Input data »
Start of Block
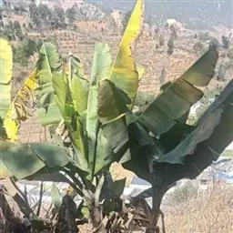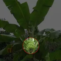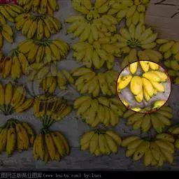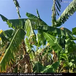 香蕉’),芭蕉科芭蕉属多年生草本植物,植株丛生,有匐匍茎;假茎浓绿有黑色斑点;叶片长圆形,…
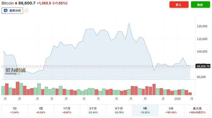 比特币以 10.9 亿美元的单周流出量居首,这是自 2025 年 11 月中旬以来的最大规模。截至发稿,比特币日内涨1.55%,报88600美元。
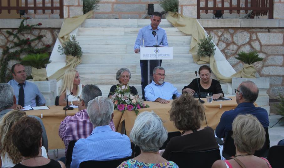 Με χαρά, αλλά και ιδιαίτερη συγκίνηση ο Δήμος Σύρου – Ερμούπολης καλωσόρισε το κοινό στην έναρξη των επετειακών εκδηλώσεων για τα 100 χρόνια της Έπαυλης, που σήμερα αποτελεί τον μοναδικό χώρο φιλοξενίας πολιτιστικών εκδηλώσεων εκτός της Ερμούπολης.
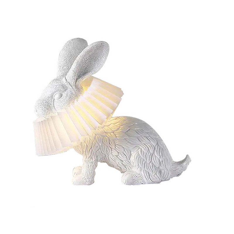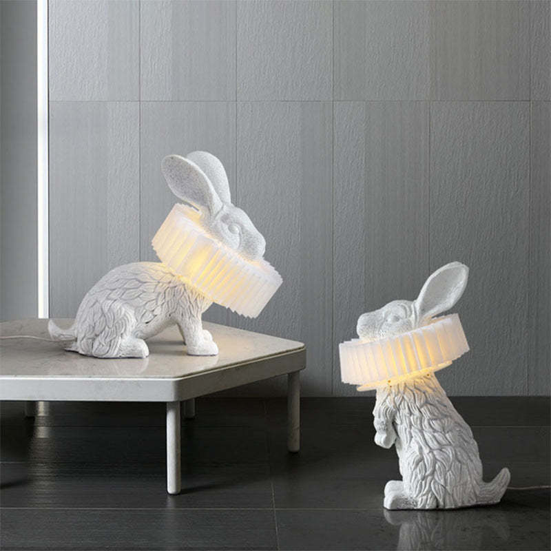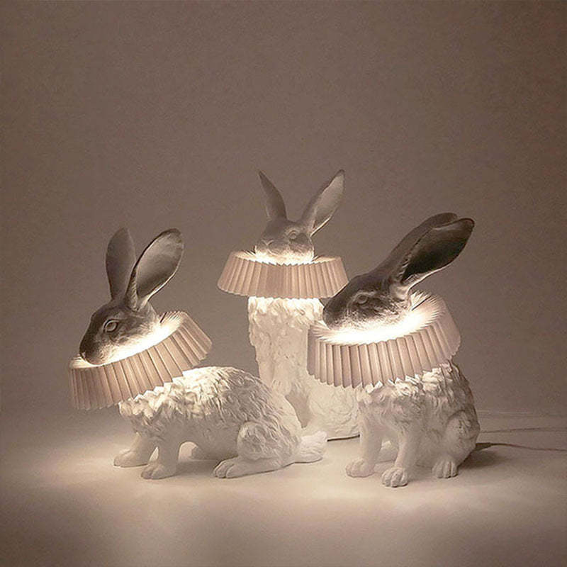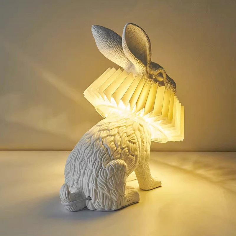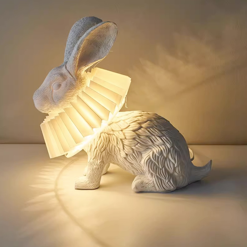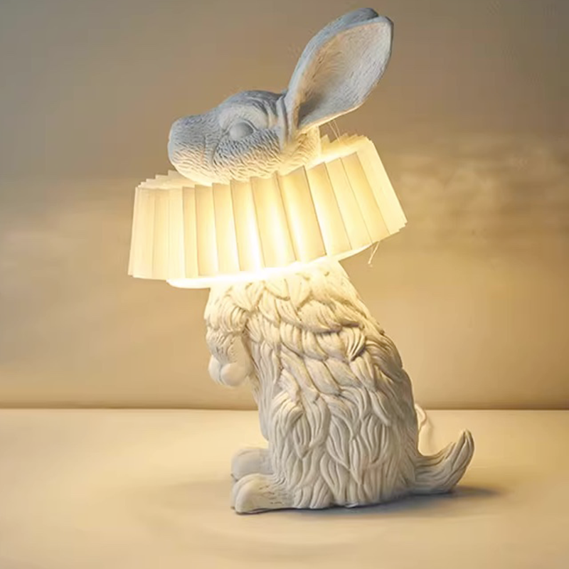 The rabbit lampshade features a unique design with three lovely postures: standing, sitting, and lying, showcasing a creative and adorable style.
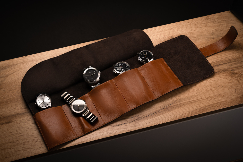 Zwijane etui na zegarki wykonane ze skóry naturalnej
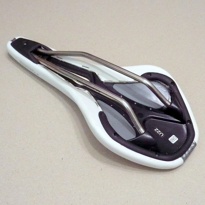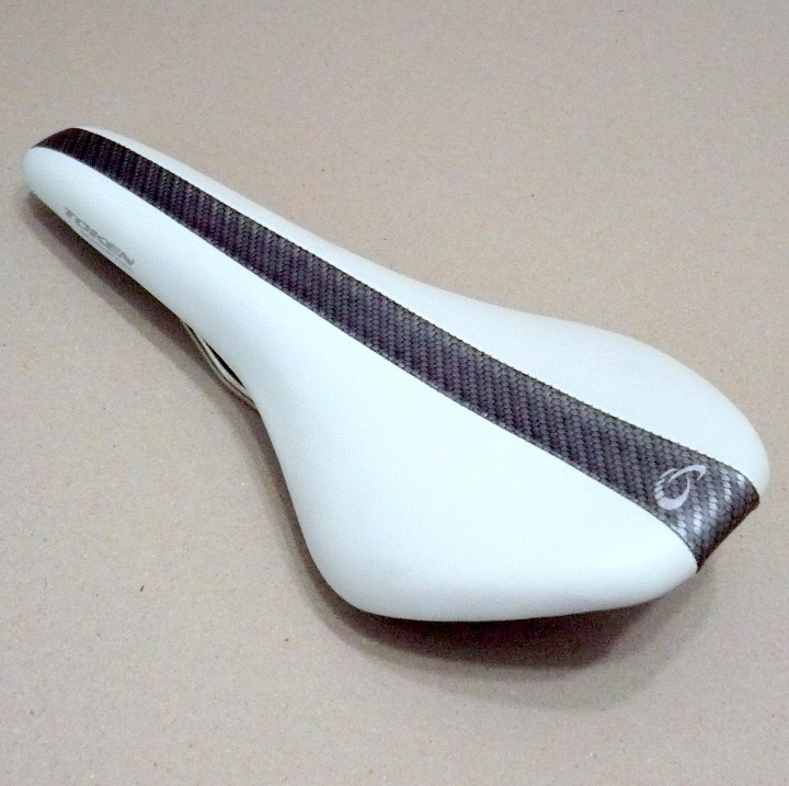 Седло Token Road из натуральной кожи, размер 300 х 135 мм, рельсы из сплава Ti + Alloy, цвет белый, вес 260 грамм.
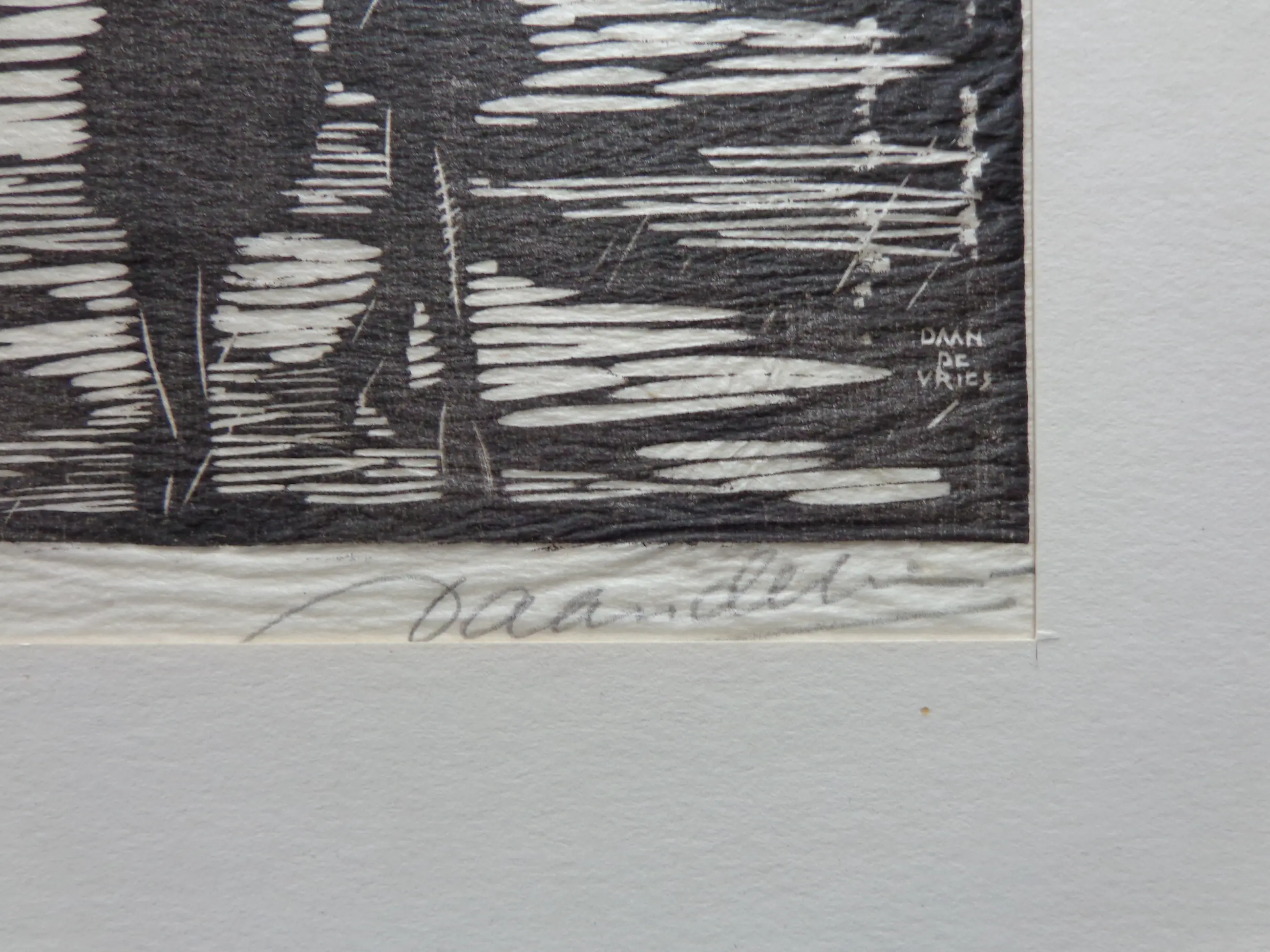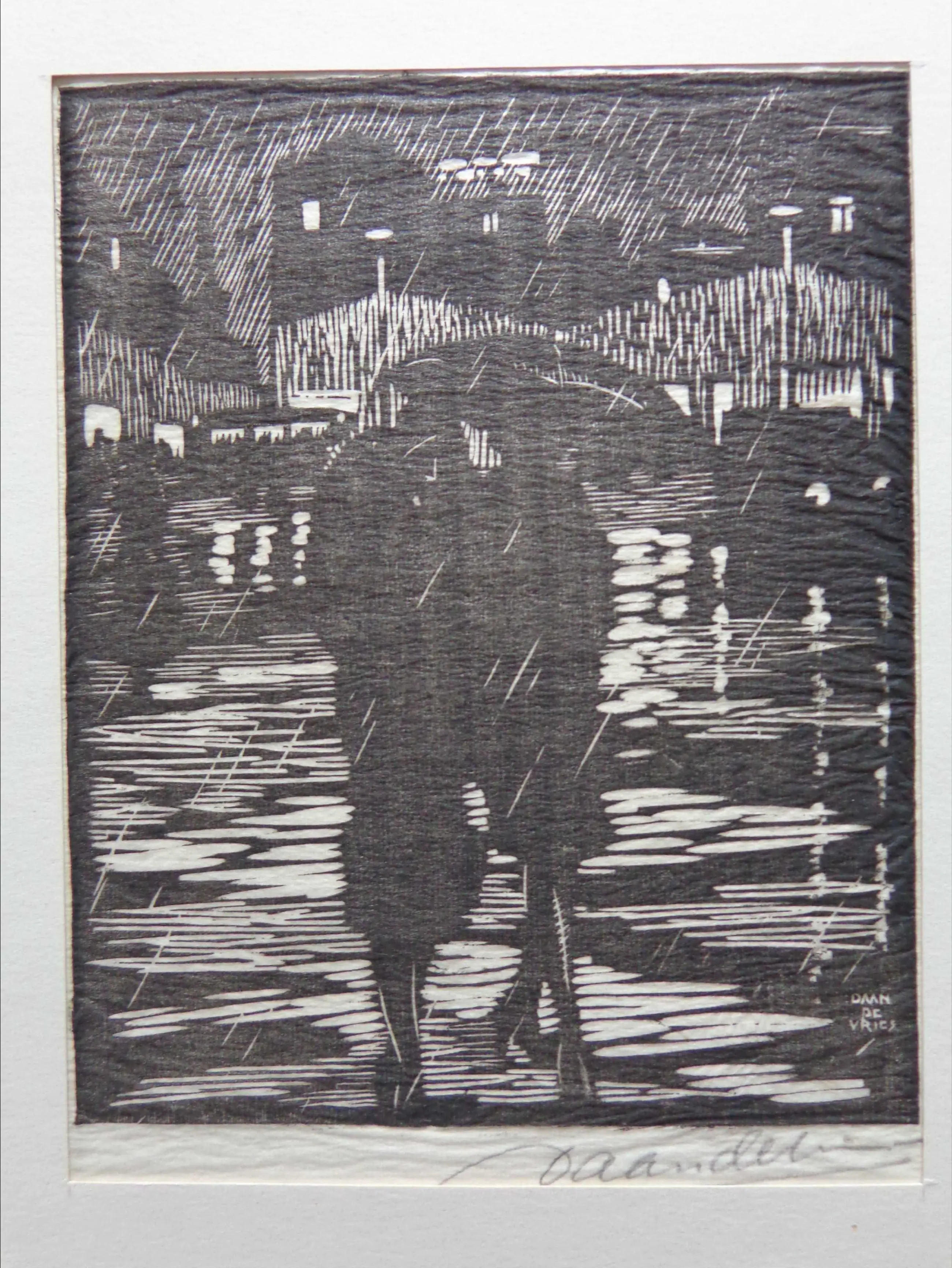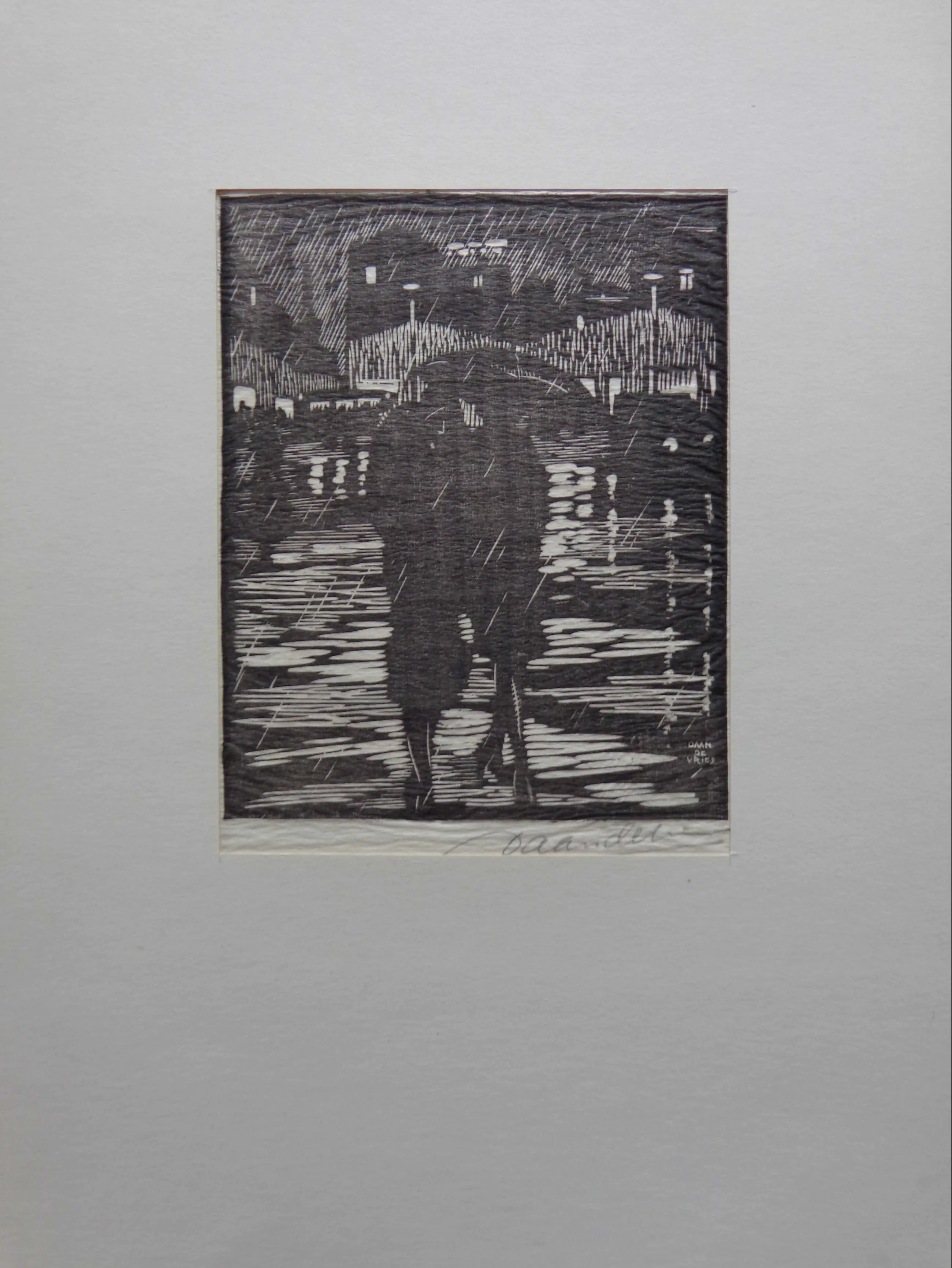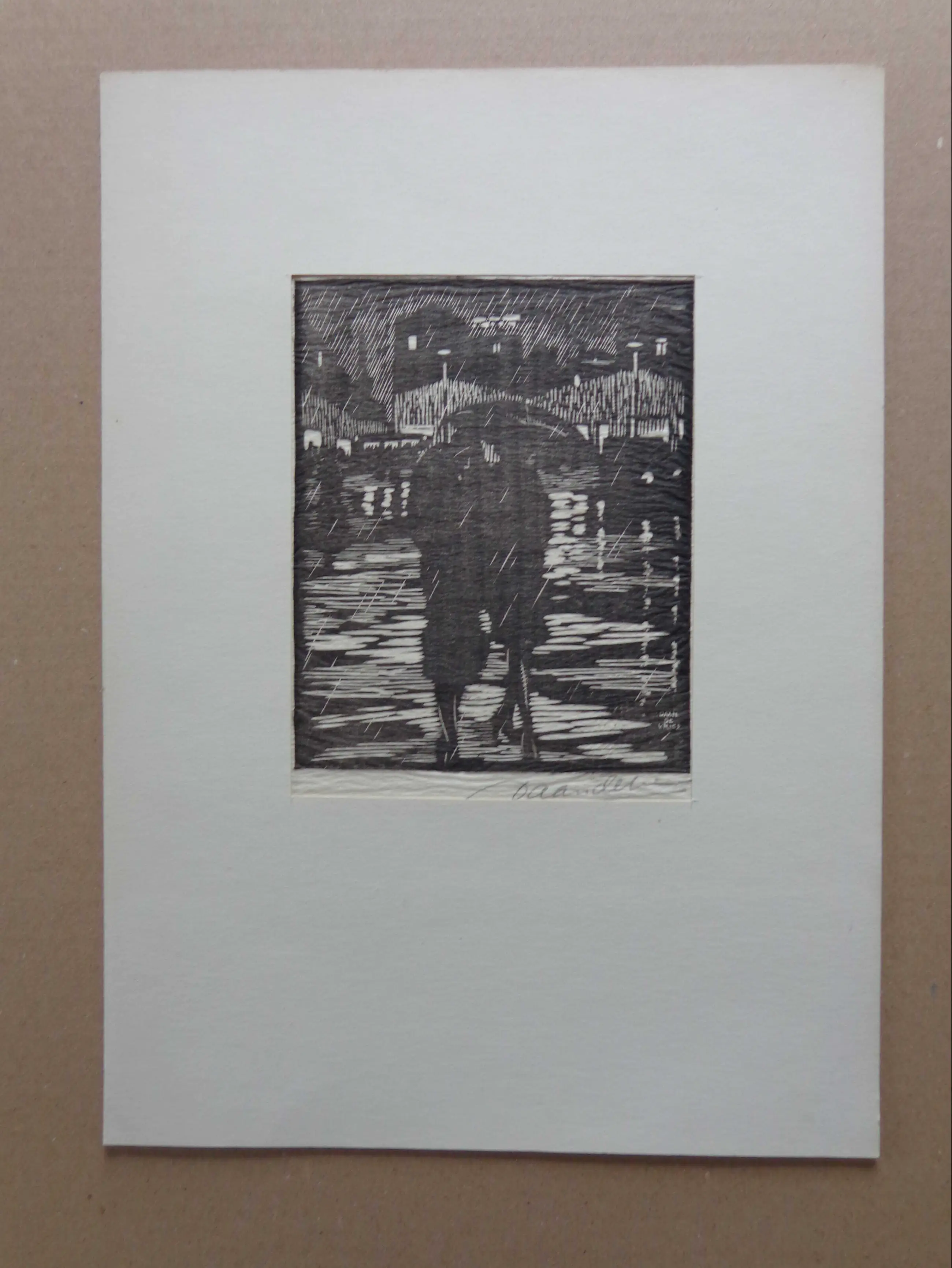 1. Wandelend koppel in de regen. Zwart-wit houtsnede op Chinees papier. Gesigneerd met potlood + extra signatuur in de plaat. Geen nummering. Blad: 17x13cm. Passe-partout: 35x25cm. Proper blad.
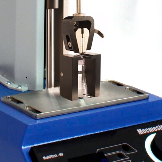 The plastic base is positioned below a custom-engineered mounting block, with the vertically aligned tip of the needle uncovered. A lever-operated pin vice is fitted to the end of the needle, and a tensile load is applied to the top at a rate of 200 mm/min until the needle is dislodged. For 8 years this durable system from Mecmesin has been in constant use.
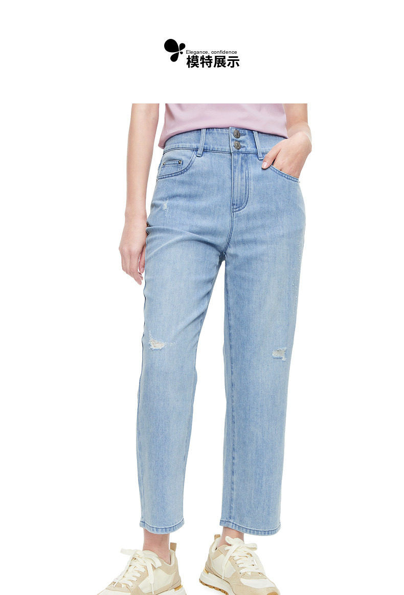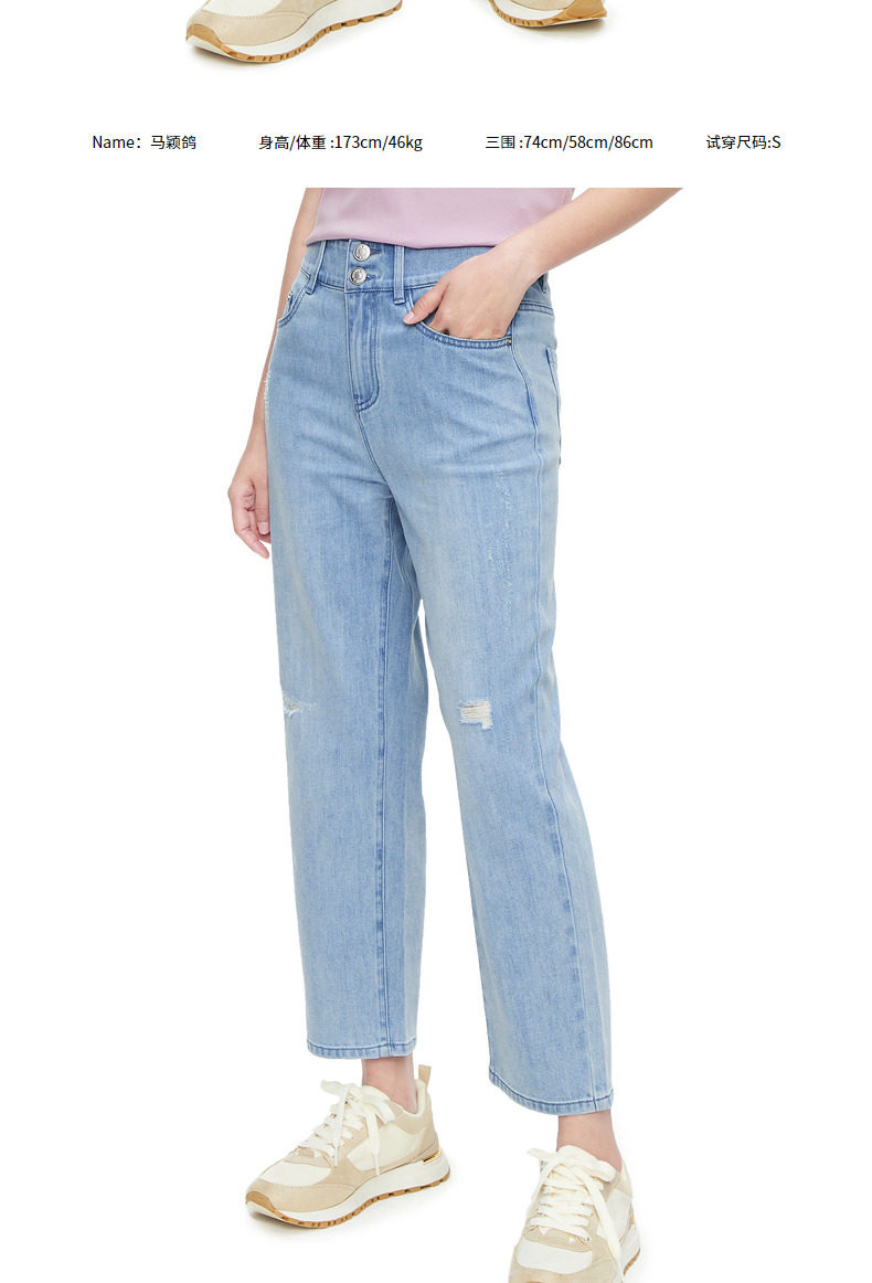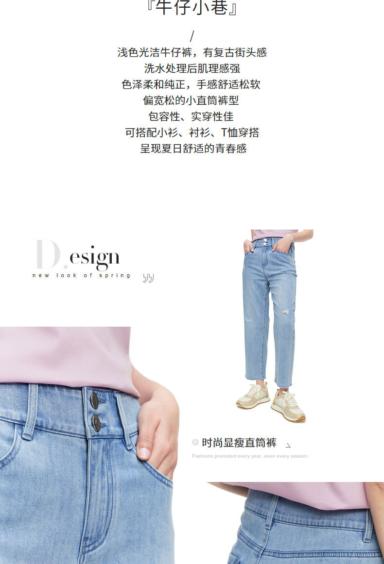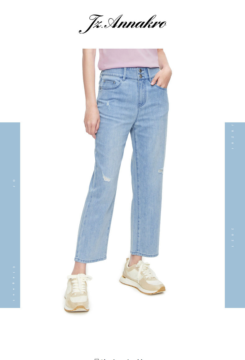 首页 > 玖姿专区 > 玖姿服饰 > 玖姿2021夏季新款安娜蔻系列蓝色高腰显瘦水洗九分直筒女牛仔裤
End of Block
Work instruction » If a picture appears in the data, omit it; transcribe all the rest exactly.

Result of the task »
 香蕉’),芭蕉科芭蕉属多年生草本植物,植株丛生,有匐匍茎;假茎浓绿有黑色斑点;叶片长圆形,…
 比特币以 10.9 亿美元的单周流出量居首,这是自 2025 年 11 月中旬以来的最大规模。截至发稿,比特币日内涨1.55%,报88600美元。
 Με χαρά, αλλά και ιδιαίτερη συγκίνηση ο Δήμος Σύρου – Ερμούπολης καλωσόρισε το κοινό στην έναρξη των επετειακών εκδηλώσεων για τα 100 χρόνια της Έπαυλης, που σήμερα αποτελεί τον μοναδικό χώρο φιλοξενίας πολιτιστικών εκδηλώσεων εκτός της Ερμούπολης.
 The rabbit lampshade features a unique design with three lovely postures: standing, sitting, and lying, showcasing a creative and adorable style.
 Zwijane etui na zegarki wykonane ze skóry naturalnej
 Седло Token Road из натуральной кожи, размер 300 х 135 мм, рельсы из сплава Ti + Alloy, цвет белый, вес 260 грамм.
 1. Wandelend koppel in de regen. Zwart-wit houtsnede op Chinees papier. Gesigneerd met potlood + extra signatuur in de plaat. Geen nummering. Blad: 17x13cm. Passe-partout: 35x25cm. Proper blad.
 The plastic base is positioned below a custom-engineered mounting block, with the vertically aligned tip of the needle uncovered. A lever-operated pin vice is fitted to the end of the needle, and a tensile load is applied to the top at a rate of 200 mm/min until the needle is dislodged. For 8 years this durable system from Mecmesin has been in constant use.
 首页 > 玖姿专区 > 玖姿服饰 > 玖姿2021夏季新款安娜蔻系列蓝色高腰显瘦水洗九分直筒女牛仔裤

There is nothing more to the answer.